2005/01/04

We know so little, and what we do know...

Is hidden.
  • There is a truly enormous amount of raw figures on the web. This is a link to pages of links to hundreds of thousands if not millions of pages of tables of numbers, from the EU, the UN, and the US Government. That is only the beginning.

    These figures concern every facet of the human condition and more. Those numbers are not boring! Each number is boring, but there are stories hidden in that pile of data, waiting for people to find them.

  • Despite this, a vanishingly small percentage of it is accessible via a machine-usable API. What I mean is this:
    • No metadata, UDDI-like registry, ontologies or taxonomies. The infoarch that does exist is ad-hoc at every level: site, sub-site, and project.
    • No SOAP, XML-RPC, REST, or other pre-web means of access.
    • No machine access except by screen-scraping
    • Subscription access to stats being funded by taxpaying nationals, in most cases, and price levels targeted at institutions and NGOs
    • Trapped behind query interfaces opened as framed, javascripting multi-post powered wizards in popup windows.
    • Stupid restrictions (e.g. 5000 rows max per query) that force needless circumventions.

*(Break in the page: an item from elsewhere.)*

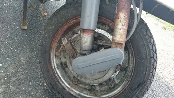 Bei der Gelegenheit habe ich Bilder gemacht um den Zustand zu dokumentieren. Die Vespa stand unter einen Vordach, das Vorderrad scheinbar weniger geschützt.

  • Of all this huge body of data, a good 40-60% (based on my random sampling) of these numbers are in PDF. Extracting tables of figures from PDF into machine-readable form is complex, error-prone and processor intensive. Of the other 60-40%, half is in Excel (which I can live with) and the rest is in CSV or something similar.

  • However, none of this data is theoretically out of reach. What is needed:
    • One smart repository
    • One smart screen-scraper
    • Something to extract tables from PDF documents
    • Trained monkeys to operate the scraping gizmo and classifying gadget.